Joel: And I understand taxes in Canada is no small thing, right?
Jason: It realy is not. Now the healthcare is awesome, but we probably aren't going to get into that debate in this podcast.
Chad: we could. We could. I'd just like to say that I appreciate an employer who understands that taxes are what drives the community, instead of what sucks money out of their shareholder value. So that's a big applause for me on that one.
Jason: Well, thank you. Yeah. Well, it's interesting about that to us, you look at something like the city of Toronto, there's 150,000 people a year coming into this city. So yeah, developers need to go build great communities, but then the municipal government also needs to stay caught up with infrastructure, and you need a tax base in order to do that.
Chad: Right. Right. So you said, and I love this, "We don't just want to build stuff," and my question to you is, being a cult brand, does it mean more to you to actually turn projects down because they just want you to build stuff? And it's like, "No, that's not what we do."

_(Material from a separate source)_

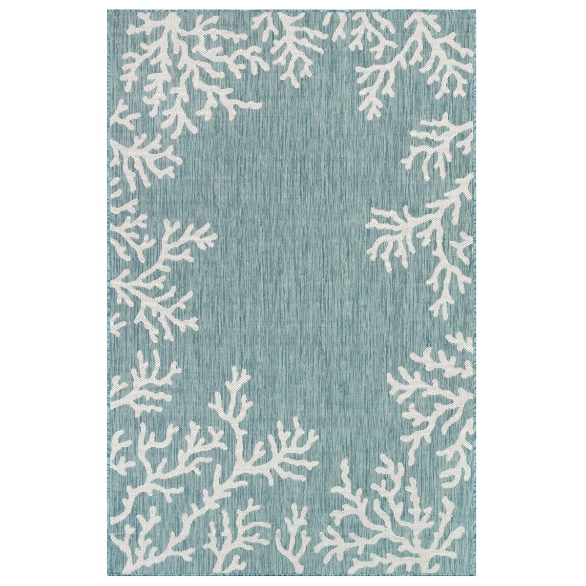 The Coral Border decorative colorful flatweave area rug with a dynamic coral border brings a splash of tropical beach style to your home. White coral with a stylishly contrasting aqua blue background make this a subtle but striking sea life rug, perfect for welcoming guests in your entryway, living room or as a playful detail on your outdoor patio. Made in Turkey from 87% Polypropylene/13% Polyester, the Performance Carmel Collection is Power Loomed to create subtle, naturally beautiful multi-toned detailed designs with a high-quality finish. The material is flatwoven, fade resistant, durable, UV stabilized and ideal for those high traffic areas such as your patio, deck, kitchen and living room making this the perfect indoor or outdoor rug. A fresh take on traditional area rugs, patterns range from tropical, coastal, ocean, nature, transitional, contemporary, novelty, sea life, animals and classic to seamlessly tie together the design of your home. Limiting exposure to rain, moisture and direct sun will prolong rug life.

Jason: We really tried to stay focused on creating things that are special. I look at, I have a counterpart that I work quite closely with, I oversee brand and marketing, he oversees architecture and design. And what's interesting about both our jobs, is our jobs are our part art and part science and we share that within the company. So we work really closely together and he's just a great dude. We get along really well. And what's amazing to me is the level of detail he'll go into. He will want a look ... He's obsessive about light in ways that I could never pretend to understand. But then he's gone into buildings where he's seen horrible light and he's gone into buildings where lighting can actually add to the experience. So he'll be obsessive about the type of light that's going to go into a building and the mood that that sets and the way it contributes to the experience. And just the things that ... Building stuff is not part of my gig, part of my gig is telling the story and building the brand. His gig is building stuff. The focus that we put into this notion of, what does it mean to be the standard of excellence when you're creating spaces and you're creating these vibrant places? That's where he spends all his time and it's quite amazing to watch as a partner.

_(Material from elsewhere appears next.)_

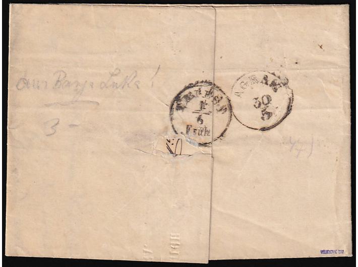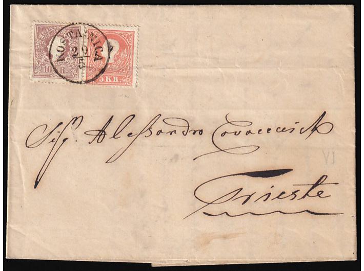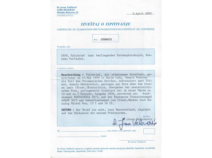 Opis: Pismo s kompletnim sadržajem pisano 05.05 1859. u Banja Luci u Bosni, tada dijelu Otomanskog carstva i upućeno u Trst, tada dijelu Austrijskog carstva. Prevezeno brodom do granice tj. mjesta (Hrvatska) Kostajnica gdje je točno frankirano s markam od 10 kr. (Michel br. 14 II) i 5 kr. (Michel br. 13 I). Poništene žigom pošte KOSTAINICA 29/5. Tranzit Agram (Zagreb) i dolaz Trst na poleđini. Zanimljiva i rijetka destinacija i kombinacija frankature dvaju tipova maraka. Dobra kvaliteta. Fotoatest Veličković BPP.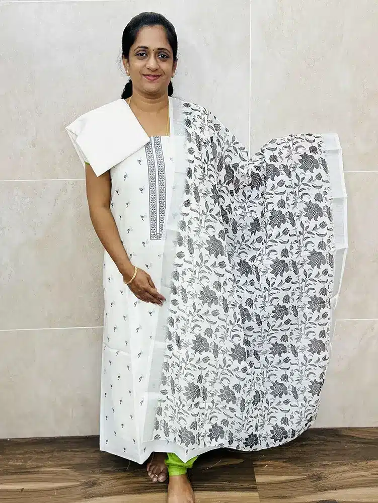 Printed linen cotton top with linen cotton dupatta and cotton silk bottom

Joel: I'm curious about internal marketing and mission. It sounds like you guys take measuring employee engagement internally pretty seriously. Talk about that.

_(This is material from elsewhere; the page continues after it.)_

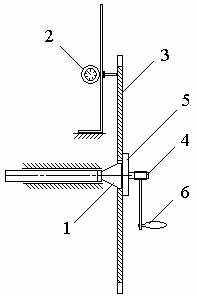Рис. 5. Приспособление для выявления дефектов полотна пилы Перед началом измерений индикатор 2 ориентируем относительно плоскости, проходящей через торцовую поверхность коренной шайбы 1. Для этого на поверхность коренной шайбы и ножку индикатора накладываем поверочную линейку. Нулевую отметку циферблата подводим к большой стрелке индикатора. При определении неплоскостности пилу 3 устанавливаем на вал 4, зажимаем шайбой 5 и медленно вращаем за рукоятку 6. Величина допустимого торцевого биения для нашего инструмента составляет до 0,19 мм. Превышение нормативных значений неплоскостности свидетельствует о наличии дефектов полотна, которые делят на общие (тарельчатость, крылонатость, изгиб по окружности) и местные (слабое место, тугое место, выпучина, изгиб). Все дефекты исправляем посредством правки полотна. Способ правки зависит от типа дефекта. Слабые места С исправляем ударами проковочного молотка с круглым бойком вокруг дефектного места, постепенно ослабляя удары по мере удаления от него. Удары наносим с обеих сторон пилы. Тугие места Т исправляем ударами проковочного молотка внутри зоны дефекта от границ к середине. Удары наносим с обеих сторон пилы. Выпучину В исправляем ударами проковочного молотка со стороны выпучины. Чтобы не изменить общего натяжения полотна, между пилой, положенной выпучиной вверх, и наковальней помещаем картонную или кожаную прокладку. Изгиб пилы И (складки у зубчатой кромки, отогнутые участки кромки, горбатость и одностороннюю крыловатость диска) исправляем ударами правильного молотка (с продолговатым бойком) либо по самому хребту изгиба, либо, если размеры дефекта значительны, от краев изгиба к хребту со стороны выпуклости. Ось бойка должна совпадать с направлением оси изгиба. Оценку напряженного состояния диска пилы производим по величине прогиба пилы под действием собственной массы. Пилу устанавливаем сначала одной стороной вверх, а затем другой в горизонтальное положение на три опоры, отстоящие на равном расстоянии друг от друга и на расстоянии 5 мм от окружности впадин зубьев. Прогиб пилы измеряем индикатором часового типа (или поверочной линейкой и набором щупов) в трех точках на окружности радиусом 50 мм и подсчитываем среднюю величину прогиба. Если эта величина не соответствует 0,2 мм по [3] табл. 20, диск пилы проковываем или вальцуем (только после правки). Вальцевать пилу будем по одной окружности радиусом 0,8R (где R - радиус пилы без зубьев) в течение трех-четырех оборотов пилы под действием роликов [6, с. 180-181]. Сила прижима роликов при вальцевании по одной окружности с радиусом 0,8R составляет 17 кН по [2] табл. 28 Правильно провальцованная пила должна приобретать равномерную вогнутость (тарельчатость). Величины вогнутости провальцованности нашей пилы, измеренные с обеих сторон на расстоянии 15 мм от края центрального отверстия пилы, должны соответствовать 0,2 мм. После вальцевания проверяем плоскостность и правим полотно пилы. Оборудование, приборы и инструменты для вальцевания нашей пилы: станок ПВ-20 с приставкой; прибор для контроля степени проковки и вальцованной пилы с часовым индикатором; поверочные линейки, набор щупов [6, с. 180]. Проковка пил не механизирована и требует высокой квалификации. Она заключается в нанесении ударов проковочным молотком по центральной части пилы, лежащей на на

Jason: Yeah. From an employment perspective, we call it employee engagement. We take that really seriously. We really believe in this idea that a more engaged and excited team is going to create better business results. That's widely believed throughout our organization, which is amazing to have that buy in across the company. That's absolutely a focus for us, so we measure it, we have surveys that we do three times a year. And then we're really serious about following up with the leadership of the company to make sure that they're understanding across our 1500 employees, which might sound small by U S standards, but how do we make sure that every leader that touches our 1500 CFers is really going to that extra mile to create a great environment that's rooted in the values of the organization. We really think a lot about that idea. We have an HR team that's leading our values and a brand team that's leading our purpose. So how do we knit our purpose and our values together to make things A, simple but also B, inspiring for our people?
Chad: Well that being said, there's the HR team and then there's the talent acquisition and all of the, I would say the employer face of Cadillac Fairview, is that an entirely different face? How do you attack that? Because you do have a brand that you have to get out there for the commercial side, right? For the residential side, for the government side, but you also have all these individuals who are coming in through this, "I am looking for a job," side of the house. How do you balance that out? And do you work very closely with the talent acquisition and HR group to do that?
Jason: Yeah. That's going to really interesting change, while we've been on this journey to become a purpose driven organization. It used to be, like when I first started with the company, which wasn't that long ago, six years ago, the marketing and HR teams, we did operate more in silos. And then a couple of years ... For example, we'd have a marketing team going and building a brand to resonate with our shoppers and we have an HR team going out and building an employment brand. And yes, that sounds a little siloed, but I can be convinced on the value of that because a reason to walk into one of our shopping centers might be different than a reason to go work for the company. So you need to make sure you're building things that resonate with those people.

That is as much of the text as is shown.